The volume begins with Ronald Cole-Turner’s essay in which he nicely plots the trajec-tory of the volume, but we need a more complete explanation of transhumanism than the essay provides. Considering that transhumanism only claims a few thousand adherents, it is likely that even some readers familiar with bioethics are unaware of it. Before reading this book, I would suggest reading Nick Bostrom’s “The Transhumanist FAQ” at humanityplus.org to become familiarized with transhumanism’s major claims.

Also, the Christian reader unfamiliar with transhumanism needs more convincing at the outset why she should be at all interested in a movement that discredits the importance of the human body and denies any role for God in achieving a posthuman future. Cole-Turner does offer one suggestion for why we should be interested, claiming that “transhuman-ism is forcing us to ask uncomfortable questions about our deepest desires, the means we use to achieve them, and the final outcome of all our technological transformations” (14). However, we need more convincing at the outset that transhumanism is weighty enough to deserve our time and attention.

The volume continues with essays by eleven different authors before Cole-Turner’s conclusion. Chapters 2 and 3 explore Christian theological precursors to transhumanism, focusing on Francis Bacon, the Russian philosopher and theologian Nikolai F. Federov, and Pierre Teilhard de Chardin. Chapters 6 and 7 assess the merits of the transhumanist use of the cyborg as a metaphor for human nature. The remaining seven essays do not divide neatly into thematic categories although most take a critical stand against different points of transhumanist doctrine.

The strength of the collection lies in the breadth of theological figures and traditions represented. Besides the historical figures mentioned above, some others discussed in detail are Athanasius (by Todd T.W. Daly), Augustine (by Celia Deane-Drummond), Dietrich Bonhoeffer (by Michael L. Spezio), and Karl Barth (by Gerald McKenny). Also, there are many contemporary theological perspectives brought to the debate, including feminist and queer theology (by J. Jeanine Thweatt-Bates). Despite the diversity of figures and traditions represented, one notable oversight is the lack of any discussion of recent mainstream Catholic theology aside from a brief mention of Pope Benedict XVI by Celia Deane-Drummond. This is unfortunate as Popes Paul VI, John Paul II, and Benedict XVI have written much on technology and its proper role in human life. Despite this omission, the virtue of includ-ing such a broad approach is that a critical theological consensus emerges in response to transhumanism. I will detail some points of consensus and other strengths of the volume later, but first I will address some of the volume’s shortcomings.

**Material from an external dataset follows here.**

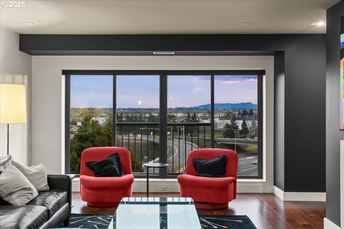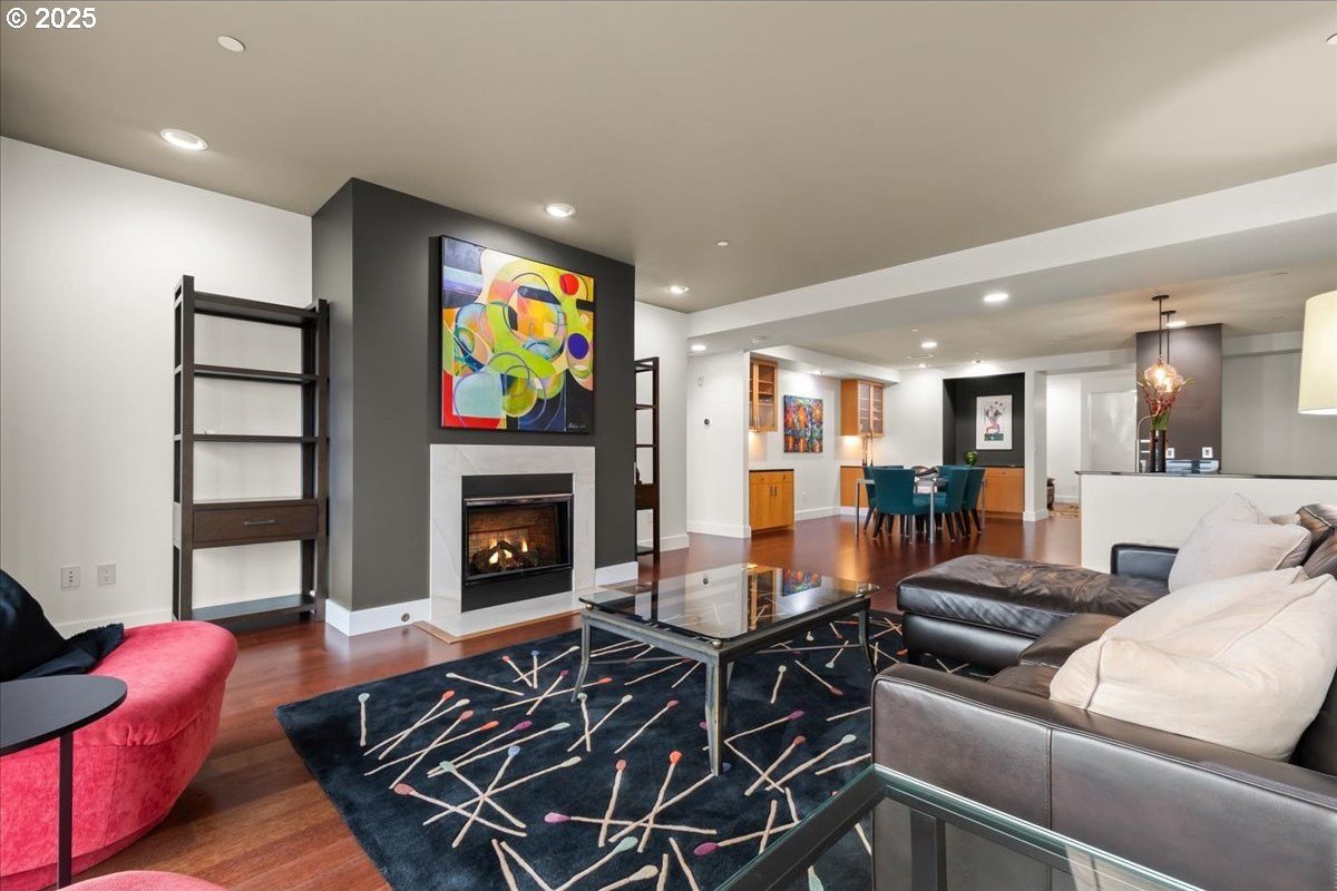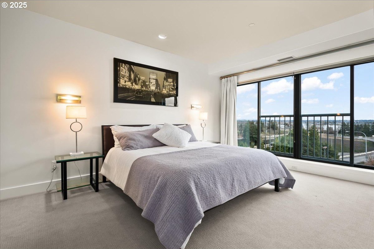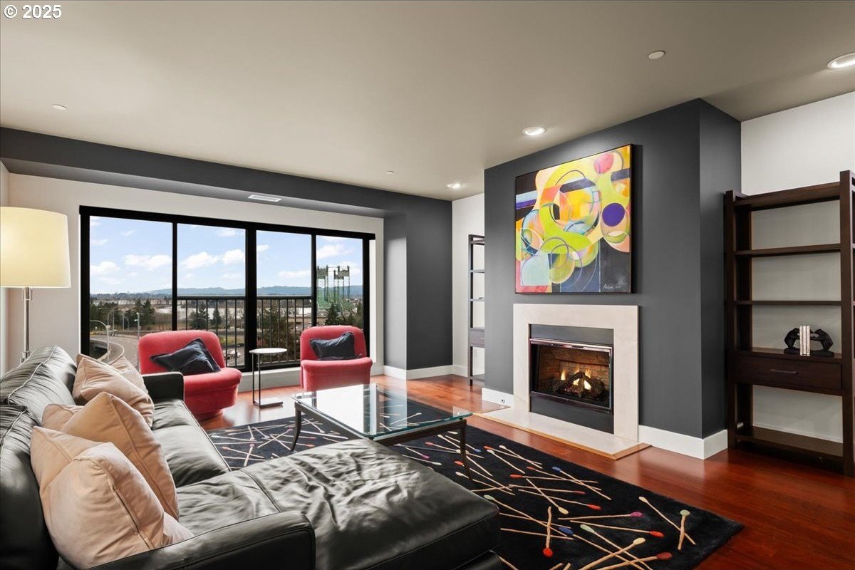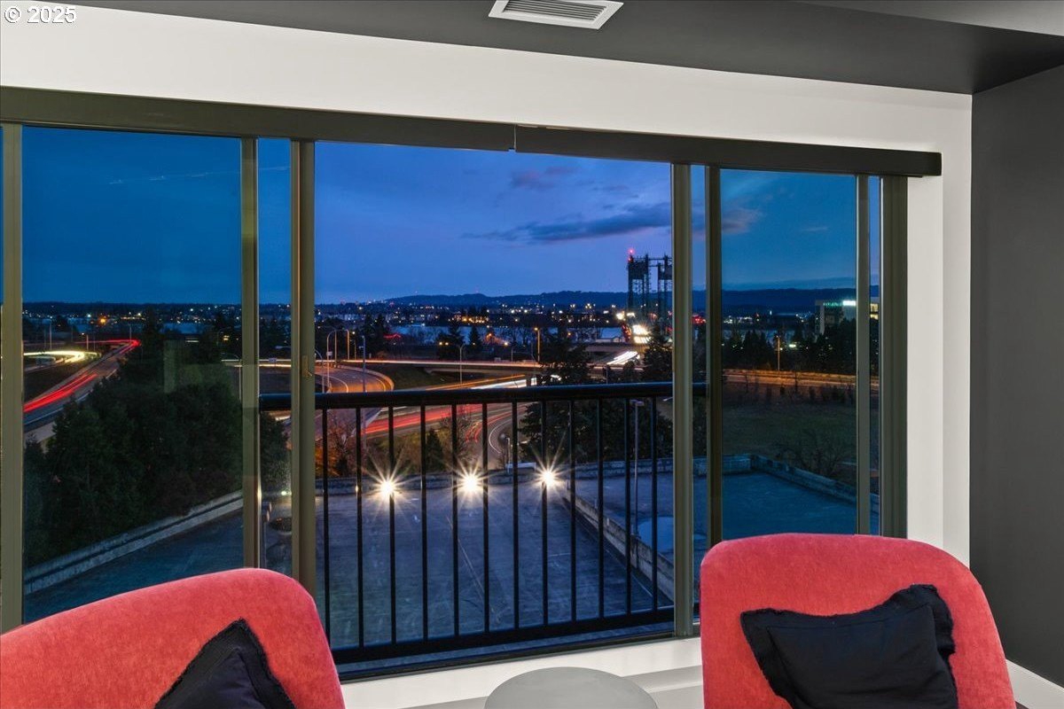Take in spectacular views of sunsets, the Columbia River, and Portland city lights, from this spacious, one level condo that is move-in ready with a recently painted interior. Enjoy the conveniences of living in downtown Vancouver & the secure and easy lifestyle of being able to lock your door and leave for extended periods of time. Visiting the Vancouver Farmers Market will become a weekly ritual, as well as stopping by your favorite Barista for your morning cup of coffee. Create lifetime memories with family & friends when you explore the downtown Waterfront’s walking and biking paths, fine dining & wine tasting at numerous restaurants & wineries, or shopping at the local boutiques. As you enter the condo, you’ll be drawn to the spacious great room with a wall of floor-ceiling windows that overlook the view. A cozy gas fireplace is a secondary focal point and can be enjoyed from the dining room and kitchen. Entertainers will delight with the size of the dining room that can accommodate an extra-long table for large gatherings or scale it down for more intimate gathers. There is plenty of storage space with built-in cabinets, upper cabinets with glass fronts for displaying your fine glass ware, and a convenient corner wet bar. The kitchen is well appointed with ample cabinet and counter space. Slab granite counter tops, stainless steel appliances, gas range with custom hood fan give the room a sleek look. Spacious bar counter is perfect for a morning breakfast bar or extra seating for guests. The primary bedroom is situated for privacy and a wall of windows overlook the view. Spacious walk-in closet with organizer offers plenty storage and ensuite bath has a second small walk-in closet, & walk-in shower with tile surround. Second bedroom has a wall of windows overlooking the view and across the hallway from full bath. Bonus room, currently used as a TV room, offers flex space. Gated, secured parking in basement, 2 deeded parking spots & deeded walk-in storage.

The editor should be lauded for attempting to include as many Christian theological perspectives on transhumanism as possible. However, while this conclusion may reflect my own biases, I found that two of the essays most open to transhumanism are among the weakest in the volume because their conclusions do not follow from the offered evidence.

One such essay is Michael S. Burdett’s “Contextualizing a Christian Perspective on Transcendence and Human Enhancement: Francis Bacon, N.F. Fedorov, and Pierre Teilhard de Chardin.” The author insightfully exposits these three historical Christian figures who all encourage the “enhancement of humanity through technological means” (32). But then he attempts to argue on the basis of these thinkers that “[w]hen considering the contemporary issues of bio-enhancement and technological transcendence from a Christian perspective, it is instructive to remember that the Christian tradition is marked with a multiplicity of positions and that a simple reactionary stance is not the only strand within Christian history” (33). But has Burdett proven a tradition? It seems rather that he has attempted to establish a tradition that would be open to transhumanism simply from three (unconnected) theological outliers.

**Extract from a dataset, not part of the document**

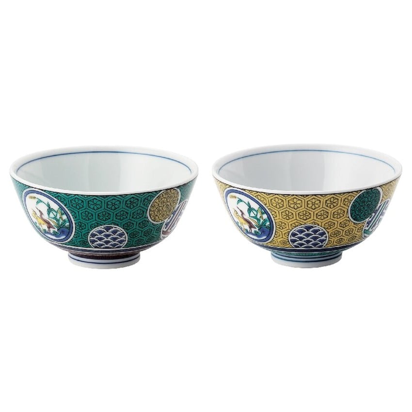 【商品説明】伝統柄である亀甲文を呉須描きし、その上から様々な小紋柄と夫婦鷺を絵付けした組飯碗です。

Karen Lebacqz similarly favors openness to human technological enhancement in her essay, “Dignity and Enhancement in the Holy City.” She bases her position on the biblical evidence of Jesus’s raising of Lazarus from the dead and Revelation’s vision of the new heaven and new earth. Because Jesus transcended the limitation of death and Revelation provides a glimpse of our future life free of death “there is reason to embrace enhancement that takes away pain, death, and limits on human life” (58). But we cannot make the move so easily from Christ’s miracle or our eschatological reality to technological enhancement of the human person. To do so requires rigorous ethical arguments about why we should accept particular technological enhancements in the here and now, but the essay provides none.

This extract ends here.